As a lessee, you should be familiar with all aspects of leases. It is common for leases, particularly retail leases, to include an incentive to encourage entry into the lease. For example, this incentive could be monies or a benefit that the landlord provides. It is also common for those leases that provide lease incentives to include clawbacks: mechanisms by which a lessee must repay all or a portion of those incentives if certain events occur (usually early lease termination). However, some case law suggests that the court considers such provisions penalty and therefore void at law.
This article will discuss clawback provisions and how they might affect your lease or incentive.
What is a Clawback Provision?
As part of your lease, the landlord may offer you lease incentives to enter into the lease or improve the premises. The most common forms of incentive are:
- rent-free periods, where the landlord will not require you to pay rent for a certain time period from the commencement date of the lease;
- rent reductions, where the landlord reduces a portion of the rent each month until you use up the total incentive amount; and
- fitout contributions, where the landlord pays for your fitout (or a portion of it) by reimbursing the fit-out costs to an agreed sum. Alternatively, the landlord may carry out the fit-out works on your behalf.
The most common types of trigger events for a clawback include:
- if the tenant defaults or breaches the lease;
- if the tenant assigns or is deemed to have assigned the lease; or
- the landlord otherwise terminates the lease before the expiry of the term.
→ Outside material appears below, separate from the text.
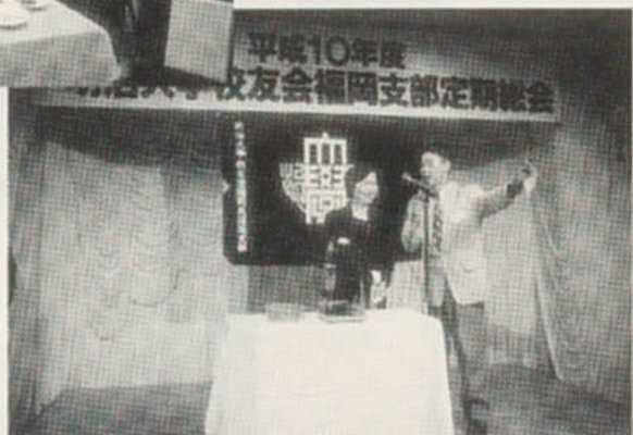
●父母会の協力をいただき抽選会

How much of the incentive you must pay back may be apportioned based on how far into the term you are.

A factsheet that sets out the three ways to end a commercial lease in Australia: surrendering your lease, assigning it or subletting it.
Clawback Provision Example
For example, for a 5-year lease, the landlord may apportion the clawback as follows.
If you trigger the clause in the:
- 1st year of the term, the tenant pays back 100% of the incentive,
- 2nd year of the term, the tenant pays back 80% of the incentive,
- 3rd year of the term, the tenant pays back 60% incentive;
- 4th year of the term, the tenant pays back 40% of the incentive; and
- 5th year of the term, the tenant pays back 20% of the incentive.
What Makes a Clawback a Penalty Provision?
Generally, the law will consider a provision a penalty if it does not represent a genuine pre-estimate of loss. Such a clause is seen as a penalty because it essentially imposes a ‘fine’ on one party. If a court considers a provision a penalty, the court may order that provision is void.
In the past, the court has determined that clawbacks are unenforceable, in certain circumstances. These include where:
- a tenant abandons the property, terminating the lease. In this case, the court found enforcement would be a penalty rather than a genuine estimate of the loss suffered. This was because the clawback provisions would give the landlord an advantage they would not have had otherwise; and
- a tenant has received an incentive of a fitout contribution and rent reduction. Upon termination, the court determined that whilst the landlord could enforce damages, they could not seek a refund of the incentive. Essentially, the landlord is already recovering their losses by way of damages. Thus, adding the clawback would have led to them being in a better position than had the lease been performed.
How Does This Affect You?
Although there have been cases whereby the court has determined certain incentive clawbacks are unenforceable, landlords will still try to include clawback provisions. Further, the law concerning the enforceability of clawback provisions remains a grey area.
There may be some situations where a clawback genuinely represents a pre-estimate of the landlord’s loss. In these cases, the clauses will remain enforceable. Therefore, landlords will frequently seek to have clawbacks included in their documents. However, whether or not they are enforceable will depend on the circumstances of the case. If you are concerned about a clawback, it may be worth negotiating for the clause to be deleted.
Key Takeaways
Clawbacks requiring the tenant to pay back part or all of the incentive they have received from the landlord if the lease is terminated early are common. Whether or not the provision is enforceable will depend on the circumstances of the case. A clawback needs to represent a genuine pre-estimate of the loss the landlord is likely to or has suffered. Otherwise, it will likely be considered a penalty. However, the costs of disputing a clawback provision’s enforceability once it has already been included in a lease may be exorbitant. As such, you should always seek to remove any clawback provision in the first instance and not rely on disputing the clawback provision, if it were ever relied upon.
If you need help with reviewing clawback provisions, incentive deeds or leases, our experienced commercial leasing lawyers can assist as part of our LegalVision membership. For a low monthly fee, you will have unlimited access to lawyers to answer your questions and draft and review your documents. Call us today on 1300 544 755 or visit our membership page.
Frequently Asked Questions
A clawback provision is a section in a lease that requires a tenant to refund an incentive they have received under certain circumstances, for instance, if they default or breach the lease.
A clawback is a penalty provision if it does not represent a genuine pre-estimate of loss. If this is the case, the court can order that the provision is void.